删除主题(删除之后数据还在,只是标记为不可用;若想彻底删除,进入到配置文件的data目录中删除)
[root@iZj6c5bdyyg7se9hbjaakuZ bin]# ./kafka-topics.sh --delete --zookeeper iZj6c5bdyyg7se9hbjaakuZ:2181 --topic mysql_topic
查看kafka特定topic的详情
[root@iZj6c5bdyyg7se9hbjaakuZ bin]# ./kafka-topics.sh --zookeeper iZj6c5bdyyg7se9hbjaakuZ:2181 --topic lsj_fanuc --describe
kafka相关报错处理
- Error while fetching metadata with correlation id : {LEADER_NOT_AVAILABLE}
- KeeperErrorCode = NoNode for [节点路径]
filebeat
filebeat是一个轻量化的消息采集工具,相比于logstash和其他工具,不需要依赖Java环境,采用C语言编写,可通过Ansible推送脚本自动安装到各个蜜罐节点。
下载
同属于elastic公司产品,可在官网下载
wget wget https://artifacts.elastic.co/downloads/beats/filebeat/filebeat-6.2.3-linux-x86_64.tar.gz
tar xvf /filebeat-6.2.3-linux-x86_64.tar.gz
配置运行
vim filebeat.yml
filebeat.prospectors:
- type: log //通常情况typt字段均为log
enabled: true //启用
paths:
- /home/cowrie/cowrie/log/cowrie*
fields: //指定流入主题
log_topics: lsj_cowrie
- type: log
enabled: true
paths:
- /root/fanucdocker_session/network_coding/log/mylog_*
fields:
log_topics: lsj_fanuc
output.kafka:
enabled: true
hosts: ["47.244.139.92:9092"]
topic: '%{[fields][log_topics]}'
启动
# 前台运行
/root/filebeat-6.2.3/filebeat -e -c /root/filebeat-6.2.3/filebeat.yml
# 后台运行
nohup /root/filebeat-6.2.3/filebeat -e -c /root/filebeat-6.2.3/filebeat.yml >/dev/null 2>&1 &
ELK
elk均采用5.6.12
版本
elasticsearch
wget https://artifacts.elastic.co/downloads/elasticsearch/elasticsearch-5.6.12.tar.gz
tar xvf elasticsearch-5.6.12.tar.gz
配置文件vim elasticsearch.yml
# 集群用户名
cluster.name: lsj_elk
path.logs: /var/log/elk/elastic
network.host: 10.10.2.109
http.port: 9200
# 安装ES-Head插件需要配置的参数
http.cors.enabled: true
http.cors.allow-origin: "*"
启动
# 前台
./bin/elasticsearch
# 后台
./bin/elasticsearch -d
kibana
apt-get安装
root@elk:/opt/elk# apt list | grep kibana
WARNING: apt does not have a stable CLI interface.

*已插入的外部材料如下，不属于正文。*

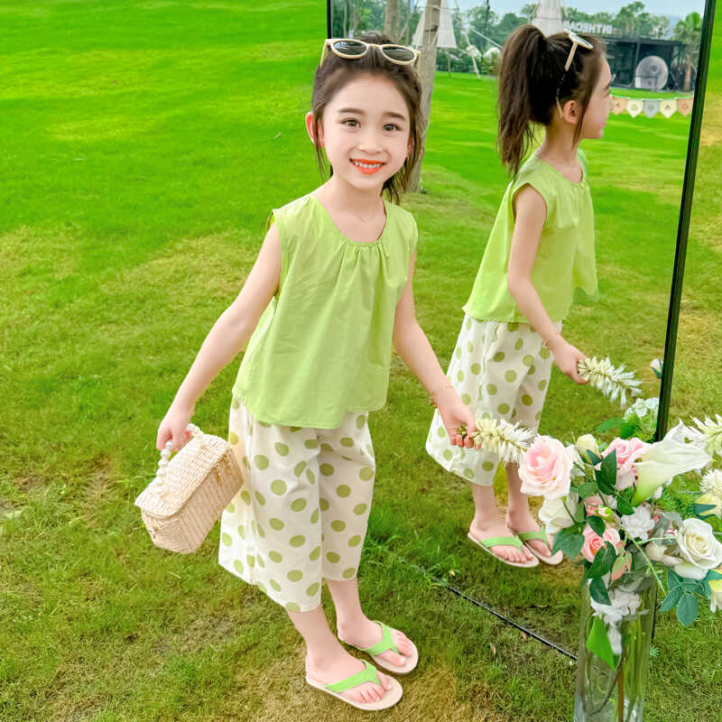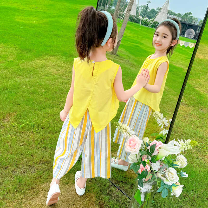 女童夏装网红洋气套装儿童纯棉背心哈伦裤女宝宝两件套女孩阔腿裤

Use with caution in scripts.
kibana/now 5.6.12 amd64 [installed,local]
root@elk:/opt/elk#
配置文件vim /etc/kibana/kibana.yml
server.port: 5601
server.host: "10.10.2.109"
server.name: "elk_lsj"
elasticsearch.url: "http://10.10.2.109:9200"
启动
systemctl start kibana
systemctl enable kibana
查看端口
root@elk:/opt/elk# netstat -antup | grep 5601
tcp 0 0 10.10.2.109:5601 0.0.0.0:* LISTEN 17774/node
root@elk:/opt/elk#
logstash
wget https://artifacts.elastic.co/downloads/logstash/logstash-5.6.12.tar.gz
tar xvf logstash-5.6.12.tar.gz
lgstash配置文件logstash.yml
不需要配置,只需要根据输出要求配置input_output.conf即可:
下面是采用kafka传入的配置文件vim logstash-5.6.12/config/kafka_logstash.conf
### Input段,负责数据流入控制
# 这里虽然只有一个kafka,但cowrie和fanuc日志格式不同,故分开来处理,并一定要用client_id唯一字段来区分
input {
kafka {
bootstrap_servers => "47.244.139.92:9092" //kafka服务,严格说是kafka集群的leader节点,由于是单机kafka,故只有这个IP
client_id => "test_cowrie" //多输入流情况下配置的唯一ID
group_id => "test" //输入流分组
topics => ["lsj_cowrie"] //数据来源主题,可以配置多个,逗号分隔
type => "Cowrie" //logstash.input中的`type`字段,便于下面日志的分开解析
consumer_threads => 8 //logstash并行消费数据,通常情况下对应kafka集群的分区数量,这里设置为8个分区
}
kafka {
bootstrap_servers => "47.244.139.92:9092"
client_id => "test_fanuc"
group_id => "test"
topics => ["lsj_fanuc"]
type => "Fanuc"
consumer_threads => 8
}
}
### Filter段,负责数据格式解析
filter {
if [type] == "Cowrie" {
# cowrie为json日志,直接使用json解析模块即可自动解析
json {
source => "message"
remove_field => ["message"]
# 默认情况,解析出来的json会添加message字段,将整条数据加进去,这个没有必要,因而要去掉
}
# json解析完成后,对src_ip字段进行定位,采用Geoip离线数据库
if [src_ip] {
geoip {
source => "src_ip"
target => "geoip"
database => "/opt/elk/GeoLite2-City/GeoLite2-City.mmdb"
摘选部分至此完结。